* _Work instruction_
Your answer must hold only the lines below from the line containing "NWOT Princess Polly" through the line containing "Black royal blue florals wedding invitation", each reproduced exactly.

* _Records provided_
● ● ● ● ● ● ●

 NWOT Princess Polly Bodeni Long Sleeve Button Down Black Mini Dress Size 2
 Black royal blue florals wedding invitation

● ● ● ● ● ● ●

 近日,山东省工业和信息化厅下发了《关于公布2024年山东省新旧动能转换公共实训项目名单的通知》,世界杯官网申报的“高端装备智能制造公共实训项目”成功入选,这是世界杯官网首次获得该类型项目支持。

● ● ● ● ● ● ●

* _The answer_
 NWOT Princess Polly Bodeni Long Sleeve Button Down Black Mini Dress Size 2
 Black royal blue florals wedding invitation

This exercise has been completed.